Another member sat on same stand on 10/22. Saw a 4pt chasing a doe, shot another doe,and watched a spike, and an 8pt.

On same day a young member killed his first buck(4pt) in field where I killed the 2 does.

10/28/06-10/29/06
I sat in the field again.(I love that stand) saw 3 does in the food plot.

Another member was in a stand in some pines and harvested a large doe.

On 10/29 another member wanted to try the "shooting" house stand. He saw a doe with 2 yearlings, a spike and a 6pt. Along with 14 turkeys in the food plot. 

We are starting to see some of the small bucks chasing and some scrapes on the ground. We are looking forward to a great November.


----------



## Hawire (Nov 4, 2006)

11-4-06
Sat in the "shooting" house again. Saw a total of 9 deer in the food plots at different times in the morning. All of the deer were does. I decided to take the 9th doe at 9:58.

Going back in the morning to try a different stand.


----------



## creekhunter (Nov 16, 2006)

Haywire:

You been seeing any more deer?

We've seen deer almost everytime we've hunted at our farm. I hunted last weekend and walked-up on two in a field while going to stand before daylight.
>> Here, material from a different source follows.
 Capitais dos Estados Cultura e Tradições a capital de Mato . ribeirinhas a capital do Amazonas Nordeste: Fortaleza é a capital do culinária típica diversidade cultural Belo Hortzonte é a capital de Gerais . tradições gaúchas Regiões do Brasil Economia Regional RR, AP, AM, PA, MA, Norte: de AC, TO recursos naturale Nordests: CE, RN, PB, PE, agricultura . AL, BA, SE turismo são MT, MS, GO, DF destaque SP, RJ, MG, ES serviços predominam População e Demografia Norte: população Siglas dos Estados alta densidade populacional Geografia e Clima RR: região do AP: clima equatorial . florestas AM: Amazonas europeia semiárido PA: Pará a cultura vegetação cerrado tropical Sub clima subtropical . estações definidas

They saw my flashlight and took off. Couldn't tell if they were buck or doe. We have not seen a big buck yet.

Saw two bobcats late one afternoon. One was almost black and the other was brown. I saw 3-deer running thru the woods last Sunday evening. One was smaller than the other two. It may have been a buck chasing a doe and a fawn we've been seeing a lot of. Not enough light to tell for sure.
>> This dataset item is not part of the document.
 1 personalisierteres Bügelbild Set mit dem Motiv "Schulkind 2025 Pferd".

My neighbor tells me a woman hit a black bear with her car on the highway in front of my farm a couple of weeks ago. The bear escaped apparently without much injury, but the woman's car had substantial front end damage, according to my neighbor. The bear was last seen headed towards my property. I am now much more careful when walking in those woods at dark!
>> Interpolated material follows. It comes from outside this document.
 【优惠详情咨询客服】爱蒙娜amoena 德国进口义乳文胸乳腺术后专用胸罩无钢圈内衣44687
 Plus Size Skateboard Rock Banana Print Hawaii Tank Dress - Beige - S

This weekend should be good. We got a lot of rain last night. I put out 500-pounds of 10-10-10 yesterday afternoon. The food plots should come alive now!

Good luck!


----------



## Hawire (Nov 16, 2006)

Creek, since my last post I killed a "cull" buck on 11-5. He came in to check out some bleating and grunting I was doing.

We're still seeing deer. Found a good scrape line last weekend. Moved a stand into some pines to hunt the scrape and dang if I didn't spook a deer that was coming to the scrapes. I'm asuming it was a doe,but it was behind me and when I saw it I was getting the goodbye wave. That deer came into some grunting and bleating also. Wiht cooler temps this weekend ain't no thelling what will happen. We'll see.

good luck


----------



## creekhunter (Nov 17, 2006)

Haywire:

Have you seen bucks following or chasing does? We have seen small bucks following does since the end of October, but we still have not seen any big bucks. Good luck over the weekend.


----------



## creekhunter (Nov 24, 2006)

*Recent Hunting*

Since I killed the 10-point at 4:55 p.m. this past Monday (see story and photo under Berrian/Lanier report), I've hunted different stands on our property. I've seen only does since then. I saw five does at 8:30 this morning and there were no bucks trailing them.  I hope the rut isn't over.


----------



## Hawire (Nov 24, 2006)

Creek, I've pretty much stopped for the year. The good Lord blessed me and my family with a freezer full of meat. The 5 I killed will last us for a good while and besides,I'm out of room. I've had a great year,and figure I'll leave some for next year. So to answer your question-I don't know,I ain't been there. Oh by the way,that a good looking buck. Good luck the rest of the year. Keep me updated if you kill another big un.

Haywire


----------



## creekhunter (Nov 25, 2006)

*Blessed too*

Haywire:

I too have been blessed this year. The good LORD gave me the largest deer of my life Monday. We've seen more deer this year than ever. I'm taking my camera with me now. I won't shoot another unless it''s larger than the 10-point. 

I'll keep you informed. I still enjoy just sitting in the stand enjoying GOD's scenery.


----------